Perhaps few things provoke Irish eye-rolling quite so much as the clichéd tendency of our cousins across the Irish Sea to claim Irish sporting and acting successes as ‘British’, but it was especially bizarre to read last week a catholicherald.co.uk piece claiming Oscar Wilde’s deathbed conversion as an English phenomenon.
In ‘The Passion of Oscar Wilde’, Aaron Taylor begins with the observation that if you “think of the ‘Second Spring’of English Catholicism…you will probably picture converts such as Cardinal Newman, Ronald Knox and GK Chesterton”. Noting that Wilde is not usually ranked with them, he observes that The Happy Prince, a new film about the final years of Wilde’s life, may help to change that.
So begins an article that never mentions how Wilde was Irish rather than English, that names the priest – the Passionist Fr Cuthbert Dunne – who received the dying Wilde into the Church without acknowledging that he too was Irish rather than English, and that omits the salient point that the dying Wilde received the Last Rites in France, rather than in England.
Sins of omission
These are simply the obvious sins of omission in the piece. Anyone with more familiarity with Wilde’s life would have read the piece and wondered at the absence of any references to how his Irish mother, ‘Speranza’ had been attracted to the Catholic Church despite being a Protestant: she wrote an article in 1850 praising its cultural achievements, arranged for both her sons to have an irregular ‘second baptism’ by a Catholic priest in Glencree, Co. Wicklow, and had both the boys taught Catholic theology.

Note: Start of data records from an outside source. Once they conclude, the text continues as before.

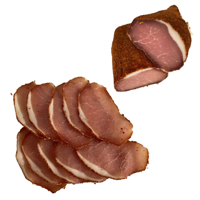 Сыровяленный мясной деликатес из свиной корейки в пряной паприке, чесноке и кориандре с пикантной ноткой и легкой остринкой.
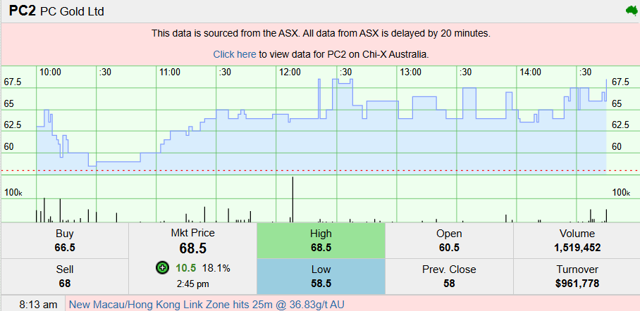 The market clearly took notice. PC Gold (ASX: PC2) shares were up by 18.1% at the time of writing this article.
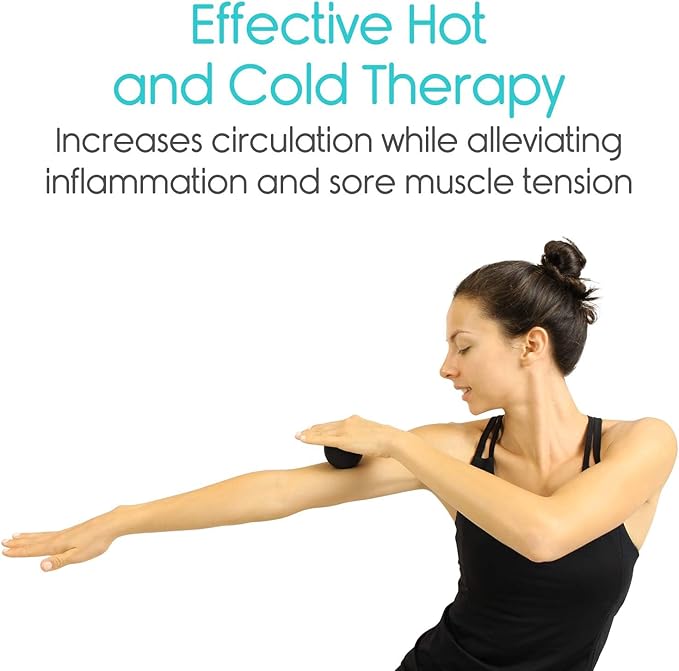 - EFFECTIVE HOT AND COLD THERAPY: Providing safe and effective hot or cold therapy, the Vive massage ball set alleviates inflammation and sore muscles, relieves tension and increases circulation and mobility. Contains an ergonomically designed foot roller to target tired, aching feet, plantar fasciitis and heel spurs, two studded massage balls with varying levels of firmness for acupuncture alternative and a smooth massage ball for targeted deep tissue massage. Great to use with CrossFit, yoga and
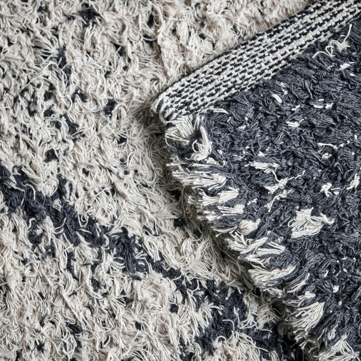 Mit diesem wunderschönen Teppich können Sie Ihrem Zuhause einen Hauch von Eleganz und Vielseitigkeit verleihen. Handgefertigt aus Baumwolle, zeigt er ein ruhiges, grafisches Muster in Schwarz und Cremeweiß, das perfekt zu jeder Einrichtung passt. Das wendbare Design bietet Ihnen zwei einzigartige Looks zur Auswahl, während die Fransen an den Rändern eine charmante, traditionelle Note hinzufügen. Ideal für jeden Raum, ist dieser Teppich sowohl stilvoll als auch praktisch.- Wendbar für vielseitige Gestaltung- Handgefertigt für einzigartigen Charakter- Weiche und langlebige Baumwolle- Fransen für zusätzlichen CharmeVerschönern Sie noch heute Ihr Zuhause mit diesem exquisiten Teppich!

Indeed, when Wilde years later became friends with the Jesuits of Dublin’s Gardiner Street, it seems that his father grew irritated and allegedly encouraged his son’s transfer from Trinity College to Oxford to quell his son’s growing fascination with Catholicism.
If this was indeed Sir William’s objective, it can only be said that his plan was not especially successful, with Wilde considering a public conversion in the following years and him retaining an interest in Catholicism even through the 1880s and 1890s, although even then it should perhaps be noted that the Irish writer only returned to the Church into which he had been baptised in the 1850s when definitively off English soil.
*****
Continuing the theme of cluelessness towards matters Irish, this week’s blogs.spectator.co.uk podcast by Catholic Herald Editor-in-chief Damian Thompson asks ‘Could Dublin’s preachy liberals save Ireland’s abortion ban?’ A discussion between Thompson and an Australian who became an Irish citizen when he was living in Ireland in the 1970s, our editor @MichaelKellyIC described it on Twitter as “the definition of an ‘outsider’ echo chamber view on Ireland lacking any real insight”.
That’s a kind reading of it, really. One to miss
Speaking of podcasts, last month saw me quizzed by the American scholars Matt Bernico and Dean Dettloff who together tweet as @TheMagnificast about the Catholicism and leftish political aspects of the 1916 Rising. Two years on since the publication of The Irish Catholic’s 1916: The Church and the Rising, theologycorner.net/magnificast offered a rare opportunity to discuss how Faith and radical politics intersected in 1916.
Asked what I wish people understood about 1916, the key thing I tried to stress was that an Irish understanding of the Rising needs to grasp the essential Catholicism of the rebellion and the society in which it took place, such that talk of how independent Ireland somehow betrayed the men and women of 1916 finally stops.
British readings of the Rising, I added, would gain immensely by acknowledging that the 1920 partition of Ireland was the fruit not of the Rising and War of Independence but a response to a threat of war from Ulster’s unionists; decided on in principle by London in 1913, it was enabled by a sympathy among Britain’s ruling classes with Ulster Protestants, their mentality “coloured”, as the late Ronan Fanning observed, by flagrant anti-Catholicism.
It’s an hour long, but I hope at least some of you will find it a worthwhile one.